Most of the scams and schemes from the lower end of the public markets eventually make it over to the Reg A market, and this one is no exception. It’s essentially a variation on the “funder acting as undisclosed underwriter” caper.

Section 3(a)(10) of the Securities Act provides that the issuance of securities pursuant to a court-approved settlement is exempt from registration. The general idea is that the oversight by the court provides the investor protection that would otherwise be provided by SEC registration. It’s intended to protect the lender whose debt is being converted into equity.

Except in this case, it’s not the lender that needs protection.

In general terms, what is happening is that a funding entity (“Funder”) offers to take over a chunk of an issuer’s debt to a lender or creditor.
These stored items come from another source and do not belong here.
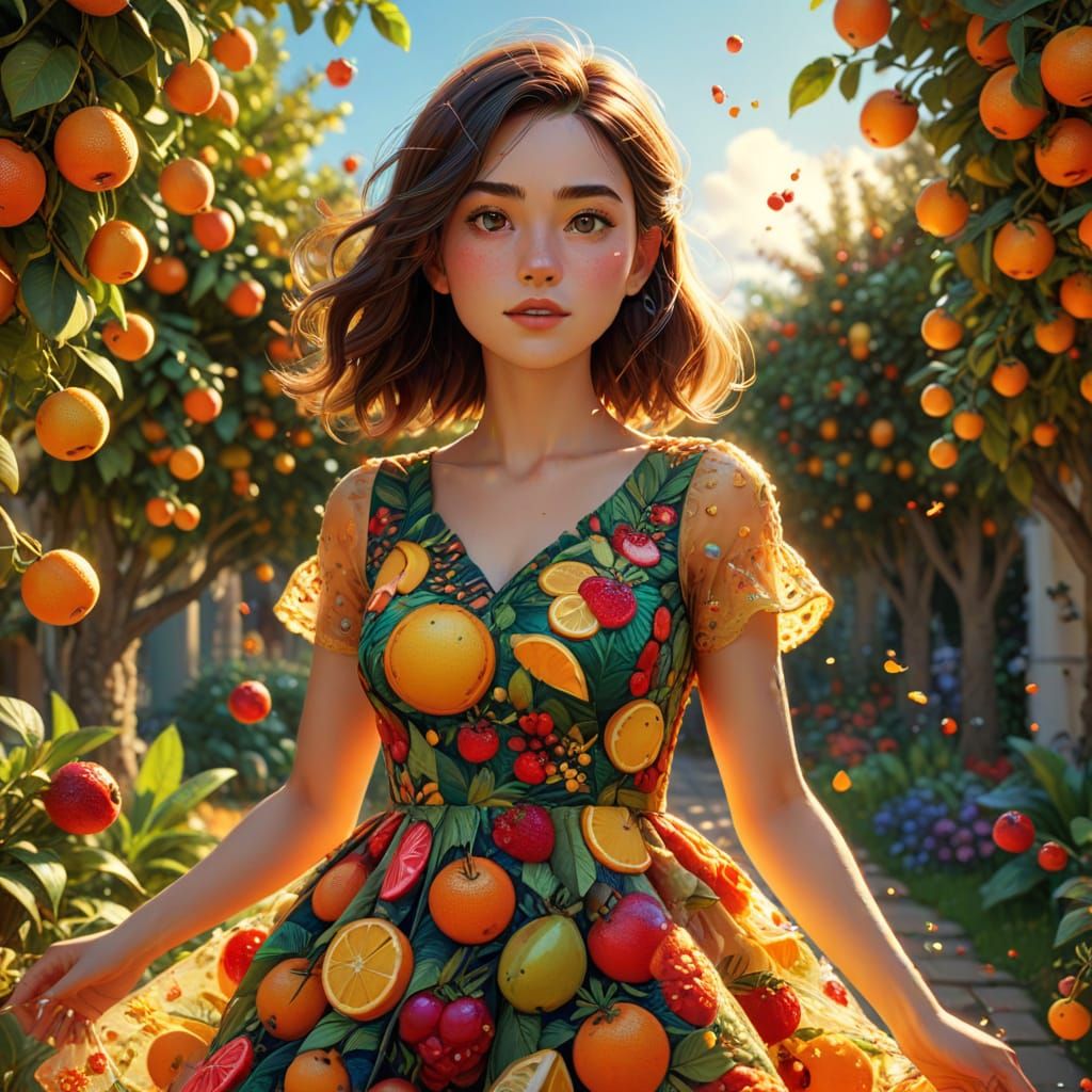 This image shows a girl in a vibrant, fruit-themed dress. The digital art, reminiscent of Pixar animation, features colorful embroidery and a blooming garden backdrop, all bathed in warm sunlight.
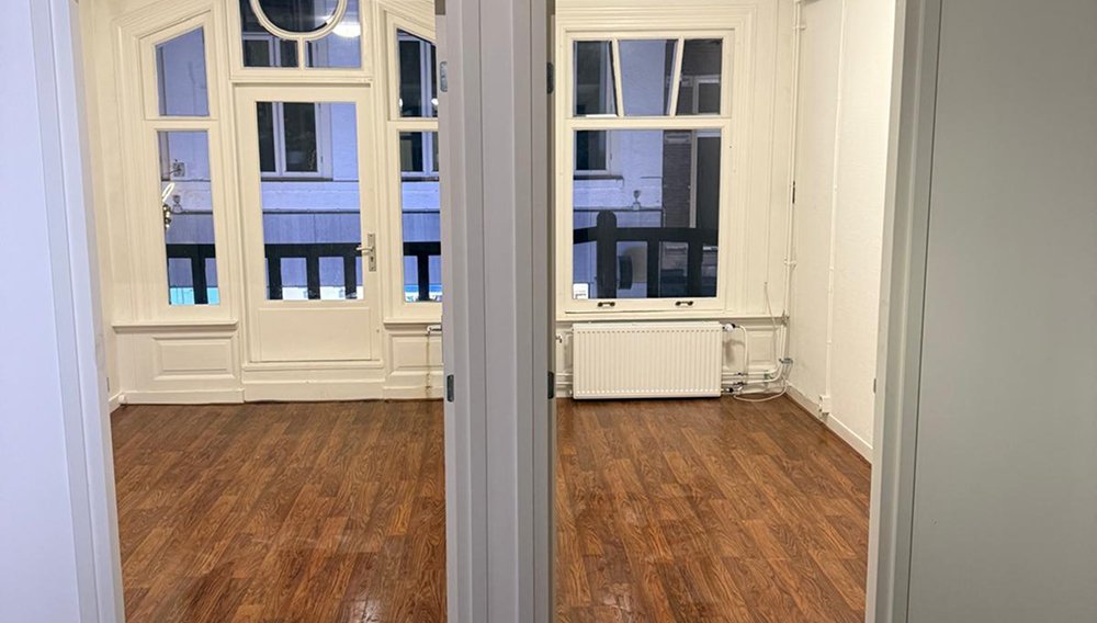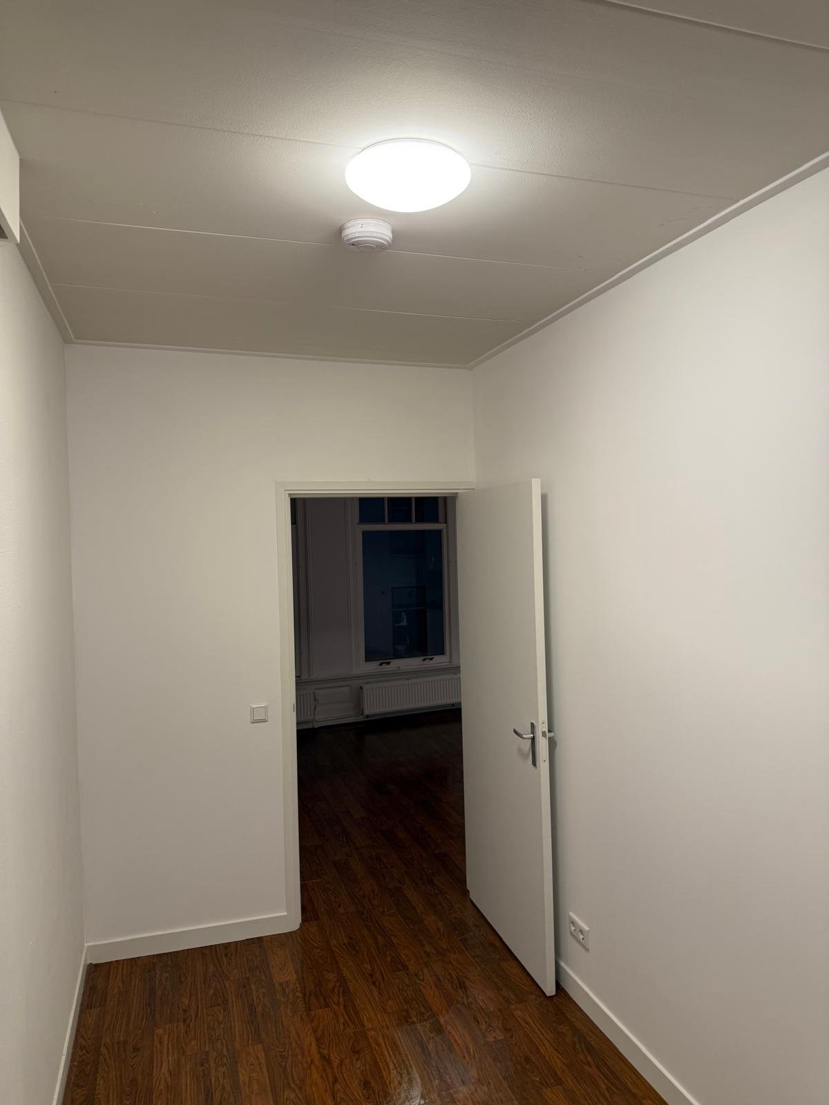 In Utrecht realiseerden wij twee studentenkamers met oog voor comfort en karakter. We plaatsten geïsoleerde tussenwanden en legden de cv- en elektra-installatie aan. Het oude kozijn en de deur zijn zorgvuldig teruggebracht, waardoor de authentieke uitstraling behouden bleef.
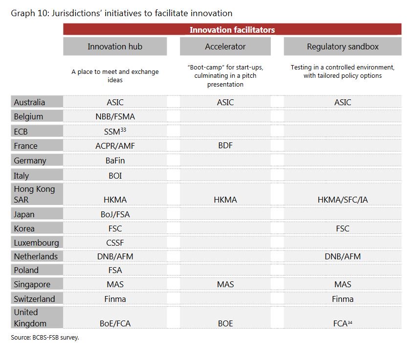10. Οι εποπτικές αρχές σε ορισμένες δικαιοδοσίες έχουν θεσπίσει πρωτοβουλίες για τη βελτίωση της αλληλεπίδρασης με καινοτόμους χρηματοπιστωτικούς φορείς που θα μπορούσαν να διευκολύνουν καινοτόμες τεχνολογίες και επιχειρηματικά μοντέλα για χρηματοπιστωτικές υπηρεσίες, όπως για παράδειγμα κέντρα καινοτομίας, επιταχυντές και κανονιστικά sandboxes.
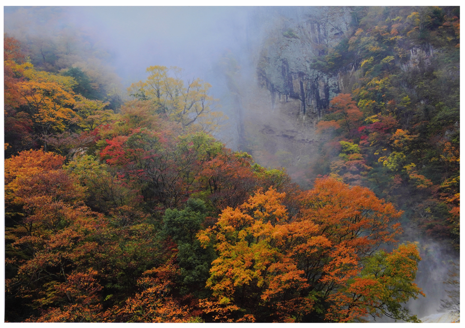 紅葉の渓谷でしょうか。霧がただよというより沸いているというようです。彩り豊かな木々の葉を白の霧が覆って、幻想的な風景を作っています。

The Funder is probably a better credit risk than the issuer and it will likely offer to repay the lender faster than the issuer could. The debt is assigned by lender to Funder. Funder and issuer put together a settlement agreement and trot off to court to get it rubber-stamped. Sorry, I meant “hold a fairness hearing under 3(a)(10).” Funder is issued shares at a discount to the current market price and repays the original lender in accordance with a schedule that matches Funder’s ability to dump the shares into the market. Promotional or “pumping” activities may occur around the same time.

Funder’s view is that it can resell its shares immediately upon receipt, because unless the issuer is a “shell company” the shares are not restricted. However, it would seem that there is a fine case to be made that Funder in these circumstances is a “statutory underwriter,” and that regardless of the exempt status of the transaction in which is acquired the shares, it took the shares with the intent of selling in a “distribution.”

How to recognize these arrangements? These are OTC-quoted companies. There should be a reference to 3(a)(10) in the financial statements and possibly in the body of the Offering Statement, although as with the other undisclosed underwriter deals, these filings tend to be inconsistently drafted. And bless OTC Markets for their Prohibited Service Providers list, because those same old names keep turning up.